Ancient people of Aquitania

The Lactorates were a people of Aquitania centred on Lactora (present-day Lectoure in the Gers). Their name is recorded only in sources of the Roman imperial period. Whether they formed a distinct people before the Roman conquest is debated. They are absent from Caesar's account of the conquest of Aquitania, possibly because they had long been allies of Rome.

== Name ==
The people take their name from their town, Lactora, on the same pattern as the Elusates from Elusa. In the list of Aquitanian peoples given by Pliny the manuscripts read Latusates. Paul-Marie Duval held this to be a corruption of Lactorates and judged the reading preferable. Jean-Pierre Bost rejected the equation and read the form instead as a corruption of Tarusates, a people named by Caesar but otherwise missing from Pliny, noting that Tarusates, Latusates and Lactorates are close in both form and location. The existence of a separate people Latusates is in any case doubtful, the name yielding either to the Tarusates or to the Lactorates.

Outside the evidence of the imperial period, the name has been recovered only by conjecture. By restoring Laktôras for the transmitted Iontôras in a passage of Diodorus Siculus, Otto Hirschfeld and G. Zippel placed the Lactorates already in Aquitania in the 2nd century BC, a reading afterwards accepted by several scholars.

== Geography ==

The peoples of Aquitania.

Their territory lay about their chief town Lactora (modern Lectoure), in the Lectourois and Lomagne regions. It is taken to have extended north into the Condomois and to have reached the Baïse or the Osse on the west.
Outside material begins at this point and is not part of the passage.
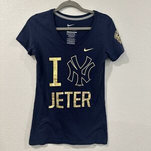 Nike NY Yankees Derek Jeter Captain #2 Women's Medium Slim Fit Navy Blue T-Shirt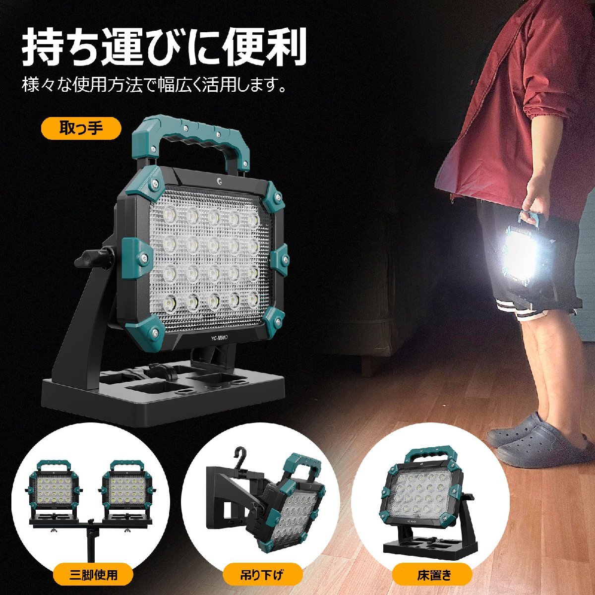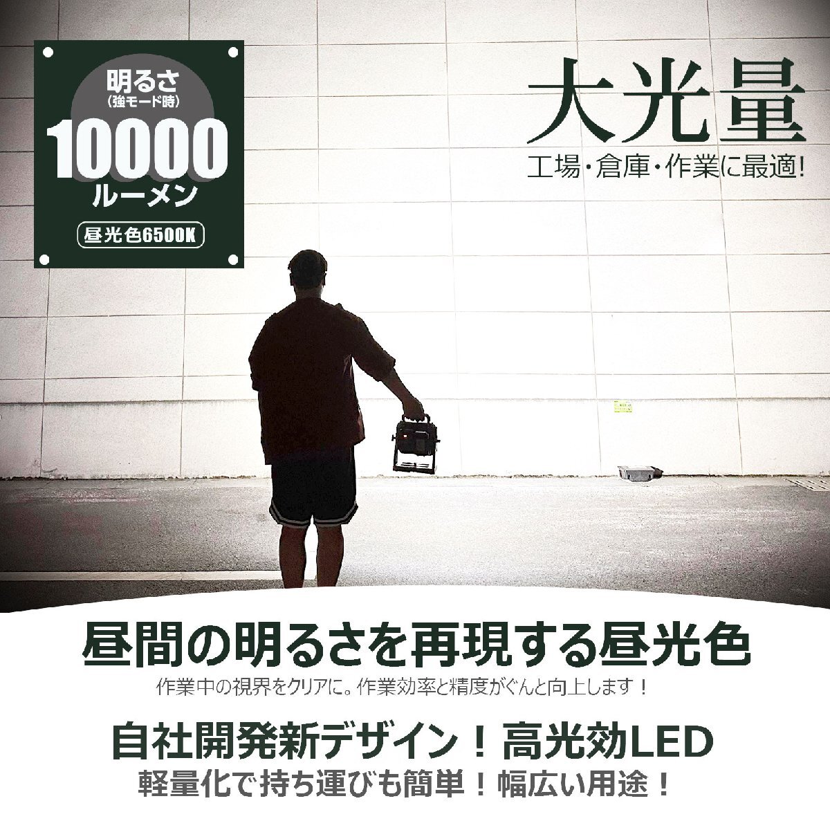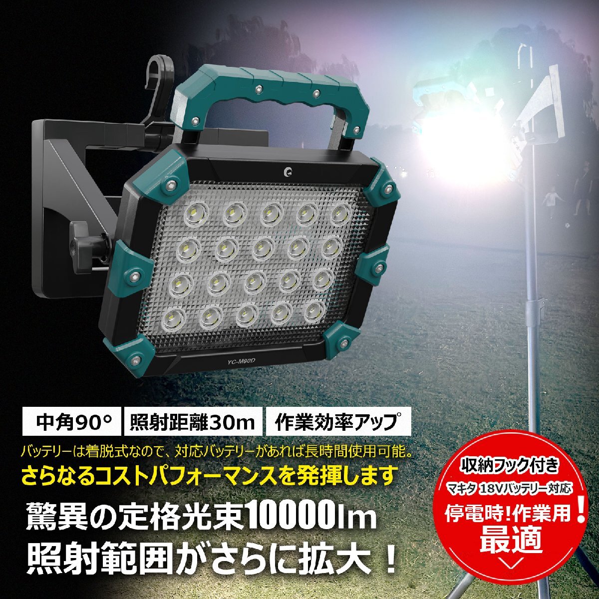 ★オススメポイント★ 簡単・便利・パワフル! 着脱式バッテリーで、充電も交換もスムーズ。キャンプや作業現場でもお手軽にご使用頂けます。 驚きの明るさ!充電式投光器トップクラスの10,000LM! 100Wのパワーで、30m先までしっかり照らします。作業現場の視野・安全を確保! ワンスライドで交換、使いたい時にすぐに! 18Vバッテリー2~6Ah全部対応可能!簡単に交換できるから、充電切れの心配なし!いつでも明るさを確保します。 使用者のニーズに応える3way設計! 床置き・手持ち・フック!床に置くだけ、手持ちで移動中の使用も楽々、フックで掛けてハンズフリー! 多機能設計で、ニーズにぴったりフィット! どんな現場でも安心の耐衝撃設計 高い耐衝撃性能で、落下や衝撃からしっかりガード。安心してお使いいただけます。 外でもスマホに充電出来るUSB出力機能! 投光器のUSB出力で、スマホやタブレットを手軽に充電! 三脚スタンドに最大2台搭載可能! 投光器2台搭載可能な三脚スタンドで、照明の角度や高さを自在に調整。更なるパワフルな照明を実現。 ※三脚スタンド別売りとなります。 |

Lectoure is one of the principal sites of Aquitanian onomastics, with Auch and Eauze. Many of its altars are bound up with the taurobolium, a rite common in the area, and preserve a number of native Aquitanian names.

== History ==
Whether the Lactorates were a distinct people before the conquest is unsettled. Their pre-Roman standing rests on the conjectural reading of Diodorus, and on an old alliance between Rome and an Aquitanian king recorded by Caesar, a king whose descendant Piso Aquitanus fell in 55 BC fighting on the Roman side. They do not appear in Caesar's list of the peoples that submitted in 56 BC, which both Duval and Bost explain by their standing as allies of Rome.

Under the Empire, the Lactorates formed a civitas with Lactora as its seat. An inscription records a procurator of the district of Lactora, a separate fiscal circumscription based at Lectoure.